Question

edgeR: glmLRT equivalence between tests with cell means model and factor levels model

0

Entering edit mode

mmclean • 0

@mmclean-7756

Last seen 9.0 years ago

United States

I'm analyzing a 2^3 factorial design with replication with edgeR and am fitting cell means models to test differences in treatment means and also fitting factor levels models to test main effects and interactions. I am finding that results for the tests for zero main effects give the exact same results as certain tests for the equality of two treatment means. This does not make sense to me and I can't find a mistake in my code. A reproducible example follows.

library(edgeR)
n <- 10000
samps <- c("cca1","cca2","cca3","cca4","cca5","cca6","cpa1","cpa2","cpa3","cpa4",
           "cpa5","cpa6","fca1","fca2","fca3","fca4","fca5","fca6","fpa1","fpa2",
           "fpa3","fpa4","fpa5","fpa6","ccs1","ccs2","ccs3","ccs4","ccs5","ccs6",
           "cps1","cps2","cps3","cps4","cps5","cps6","fcs1","fcs2","fcs3","fcs4",
           "fcs5","fcs6","fps1","fps2","fps3","fps4","fps5","fps6")
n.chips <- length(samps)
r.counts <- matrix(rpois(n*n.chips, 10), n, n.chips)
colnames(r.counts) <- samps
f1 <- factor(substr(colnames(r.counts), 1, 1))
f2 <- factor(substr(colnames(r.counts), 2, 2))
f3 <- factor(substr(colnames(r.counts), 3, 3))
f3 <- relevel(f3, "s")

group <- factor(paste(f1, f2, f3, sep = "."))
design.cm <- model.matrix(~0+group)  # cell means model
design.fl <- model.matrix(~f1*f2*f3)  # factor levels model,

dat.new <- DGEList(counts=r.counts, group=group)
dat.new <- calcNormFactors(dat.new, method = "RLE")

dat.cm <- estimateGLMCommonDisp(dat.new, design.cm, verbose=TRUE)

dat.fl <- estimateGLMCommonDisp(dat.new, design.fl, verbose=TRUE)
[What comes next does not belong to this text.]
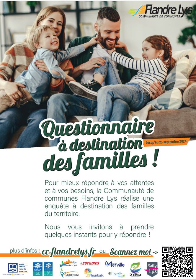 La Communauté de communes Flandre Lys vous invite à répondre au questionnaire concernant les familles du territoire et leurs besoins afin de pouvoir mieux vous accompagner dans votre quotidien !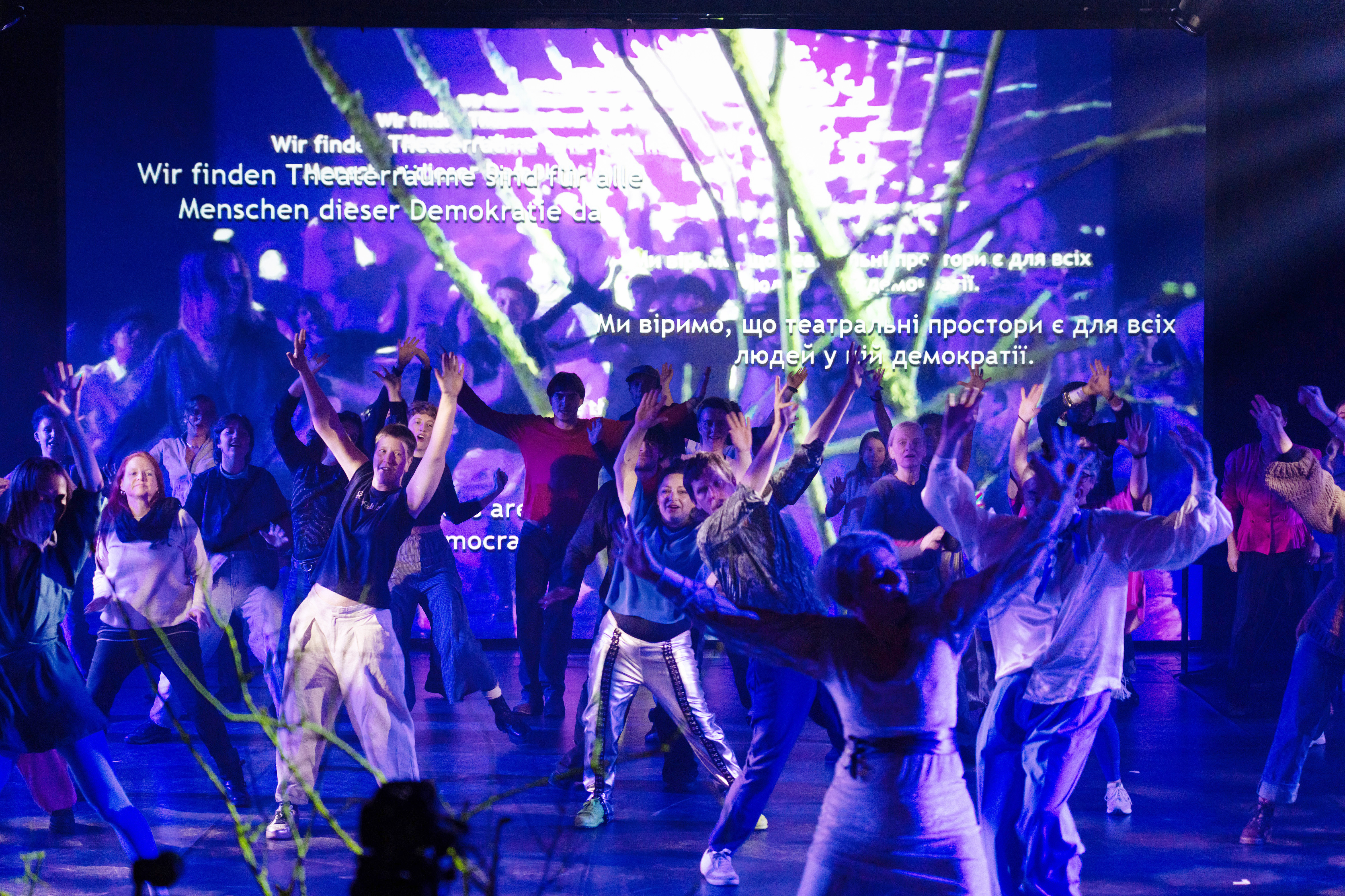 So ganz überzeugen kann der Abend nicht, denn bei aller Dynamik und Kurzweiligkeit ergeben sich doch Längen in den repetetiven Mustern des 90minütigen Stücks, zumal sich zusammen mit den unvermeidlichen Grußworten in der Interimspielstätte Agora des Leipziger Schauspiels der gesamte Abend etwas zieht. Der Start und das Ende allerdings können sich hören lassen. Zweimal Blasmusik der Leipziger Brassbanditen (zum Start) und der Combo Sogenannte Anarchistische Musikwirtschaft, die zwischen Brecht, Pop und Rio Reiser changiert. Dieses Festival startet mit Pauken und Trompeten. Das spricht eher nach Grenzen niederreißen denn aufrichten – mit Musik und mit Tanz. Oder um es mit der Band Ton Steine Scherben zu sagen: „Kommt zusammen Leute, lernt euch kennen...“

fit.cm <- glmFit(dat.cm, design.cm)
fit.fl <- glmFit(dat.fl, design.fl)
colnames(fit.cm$coef)
colnames(fit.fl$coef)
lrt.cm <- glmLRT(fit.cm, contrast = c(1, -1, 0, 0, 0, 0, 0, 0))
lrt.fl <- glmLRT(fit.fl, coef = 4)
all.equal(lrt.cm$table, lrt.fl$table)

lrt.cm <- glmLRT(fit.cm, contrast = c(0, -1, 0, 1, 0, 0, 0, 0))
lrt.fl <- glmLRT(fit.fl, coef = 3)
all.equal(lrt.cm$table, lrt.fl$table)

lrt.cm <- glmLRT(fit.cm, contrast = c(0, -1, 0, 0, 0, 1, 0, 0))
lrt.fl <- glmLRT(fit.fl, coef = 2)
all.equal(lrt.cm$table, lrt.fl$table)

Can someone explain why this is happening?

edger anova • 1.5k views

ADD COMMENT • link updated 9.0 years ago by Aaron Lun ★ 28k • written 9.0 years ago by mmclean • 0

score 3 · Accepted Answer · 2015-05-17

Let's focus on the meaning of the coefficients in your interaction model. The intercept represents the expression of the c.c.a group for libraries 25 - 30, based on the fact that the intercept is the only non-zero term in the corresponding rows of design.fl. Similarly, coefficient 4 represents the difference between the c.c.s and c.c.a groups, as libraries 1 - 6 are the only rows that have non-zero terms for just the intercept and coefficient 4. While this coefficient is nominally involved in the systematic component of other groups, it will have no practical effect as changes in expression for those other groups will be absorbed by interaction terms. So, dropping coefficient 4 would give you a comparison between those two groups, exactly as you have specified in your first lrt.cm.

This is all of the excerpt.